El microbioma es la comunidad de organismos (por ejemplo, bacterias, hongos y otros) que existen en un entorno determinado1, mientras que el microbioma humano es la comunidad de microorganismos -específicamente, sus genes- presentes en el interior y en la superficie del cuerpo humano2,3. El estudio del microbioma ha avanzado significativamente gracias a la secuenciación de nueva generación y otras técnicas ómicas que están ganando popularidad en los estudios del microbioma.
Este campo se ha ampliado rápidamente en las últimas décadas, revelando no sólo la enorme diversidad de la vida microbiana, sino también su profundo impacto en la dinámica de los ecosistemas, la salud humana y los procesos de enfermedad. En los seres humanos, el microbioma es esencial para la digestión4, la síntesis de vitaminas5 y la regulación inmunitaria6, y los desequilibrios del microbioma (es decir, la disbiosis) se han relacionado con numerosas enfermedades8-10. En el medio ambiente, los microbiomas desempeñan un papel crucial en la salud humana. En el medio ambiente, los microbiomas desempeñan un papel crucial en el ciclo de los nutrientes11, la salud de las plantas12 y la degradación de la contaminación13, contribuyendo a la gestión y conservación de los ecosistemas14,15.
Hemos aprendido a aprovechar estas comunidades microbianas para fabricar mejores fertilizantes para las plantas16, biocombustibles y bioplásticos ecológicos17,18, productos terapéuticos basados en microbios19-21 y otras innovaciones, lo que demuestra su papel integral tanto en los procesos naturales como en las tecnologías impulsadas por el hombre.
¿Cómo se estudia el microbioma?
Los análisis del microbioma hacen uso de varias tecnologías sofisticadas que permiten a los científicos examinar la composición, la función y la dinámica de la comunidad microbiana proporcionando información sobre el material genético (ADN y ARN), las proteínas y los metabolitos que caracterizan a un microbioma determinado.

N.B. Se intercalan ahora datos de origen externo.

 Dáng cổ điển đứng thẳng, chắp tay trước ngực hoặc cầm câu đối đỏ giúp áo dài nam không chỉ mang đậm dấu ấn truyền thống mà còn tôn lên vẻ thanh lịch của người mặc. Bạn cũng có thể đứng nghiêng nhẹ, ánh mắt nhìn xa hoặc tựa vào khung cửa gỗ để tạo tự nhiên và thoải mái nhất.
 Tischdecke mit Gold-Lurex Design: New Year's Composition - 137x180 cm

Secuenciación de nueva generación
El estudio de las comunidades de microorganismos en general fue posible gracias a la secuenciación de nueva generación, que podía capturar el ADN de un organismo independientemente de si estaba vivo o muerto. Esto fue muy importante, ya que cuando la investigación del microbioma comenzó en serio hace más de una década, muchas especies no podían cultivarse en el laboratorio. Hay dos enfoques principales para secuenciar microbiomas; ambos se realizan normalmente utilizando la plataforma de secuenciación Illumina (aunque hay ejemplos de estudios de microbiomas que utilizan otras plataformas, como la Ion Torrent).

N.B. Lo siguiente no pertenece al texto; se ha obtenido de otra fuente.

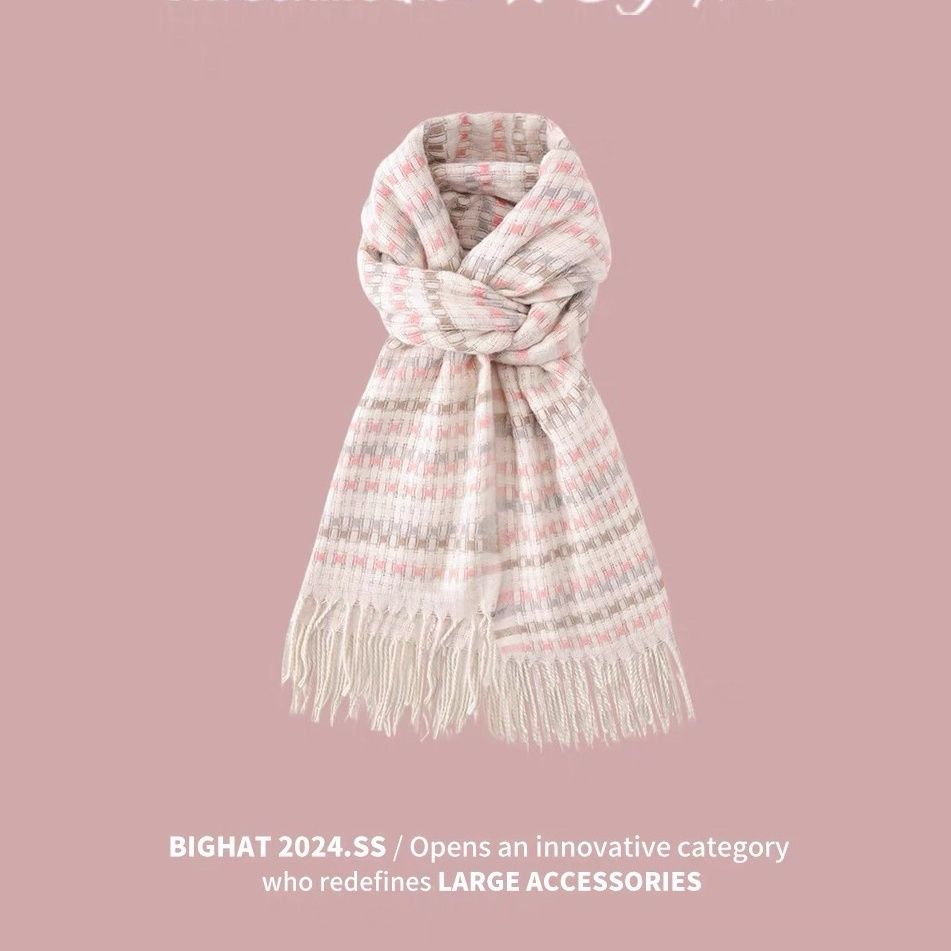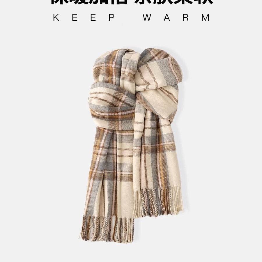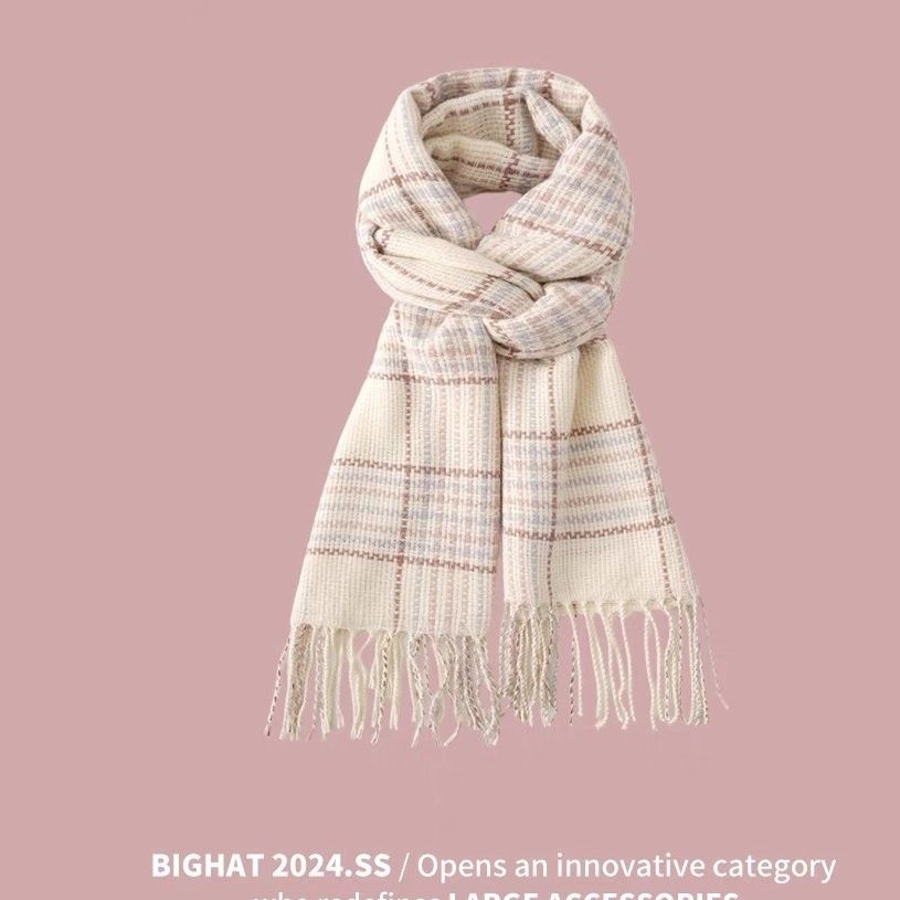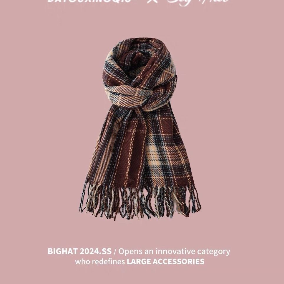 日系复古条纹格子围脖2024新款氛围感女秋冬季百搭韩系文艺风围巾
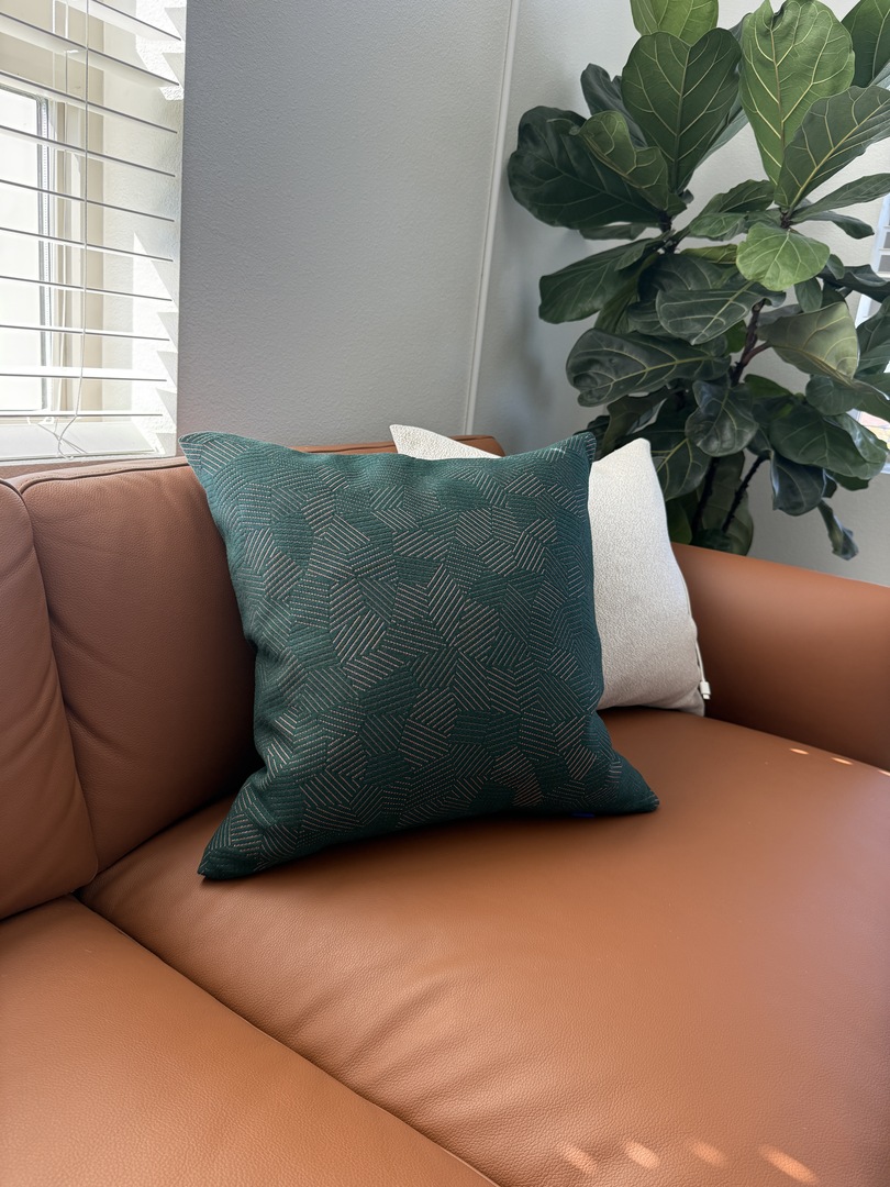 Fabric is amazing. Insert isn't stuffed with a lot of feathers so they stay flat/slouchy and require a lot of fluffing to become somewhat "full" looking. Not very comfortable to rest on as they deflate easily. Would suggest doubling the fill.
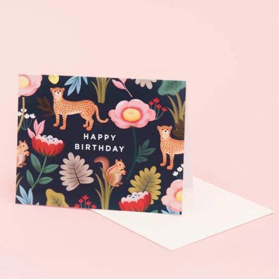 Souhaitez un joyeux anniversaire à quelqu'un avec cette carte ornée de fleurs et de créatures du règne animal.
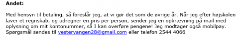 • Prisen for morgenmad er 50kr og afregnes med Sven eller Bjarne.
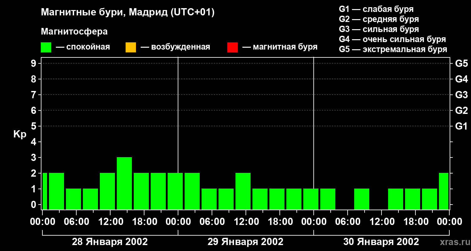 Изменения геомагнитного индекса Kp с 28 по 30 января 2002 года для средних широт
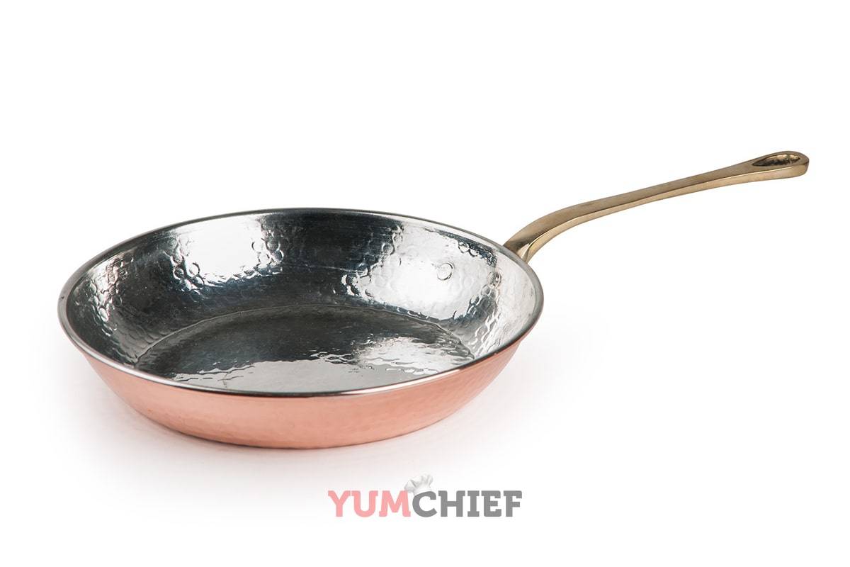 Внутреннюю часть медной сковороды обязательно покрывают нержавейкой, т.к. она более устойчива к высоким температурам, а ручку изготавливают из латуни, чтобы удешевить товар.

Secuenciación de genes marcadores
La secuenciación de genes marcadores22-24 fue un enfoque común en los primeros días de la investigación del microbioma que amplificaba por PCR y secuenciaba regiones genómicas conservadas para clasificar taxonómicamente las bacterias (gen 16S rRNA), eucariotas (gen 18S rRNA) u hongos (ITS) presentes en las muestras (así como su abundancia relativa entre sí). Este enfoque es cada vez menos habitual gracias a la disminución de los costes de secuenciación, que permite a un mayor número de investigadores utilizar la secuenciación de escopeta de genoma completo de los metagenomas (véase más adelante), extrayendo más información por, en muchos casos, el mismo precio.
Secuenciación metagenómica de escopeta de genoma completo
La secuenciación metagenómica de escopeta de genoma completo25, al capturar genomas completos en lugar de sólo porciones de una región altamente conservada del genoma, proporciona una visión más completa de la comunidad microbiana. Este método puede captar información sobre las bacterias, virus y eucariotas de una muestra y, cuando la secuenciación es lo suficientemente profunda, puede incluso revelar información sobre genes de resistencia a antibióticos, cepas específicas y otros datos de interés.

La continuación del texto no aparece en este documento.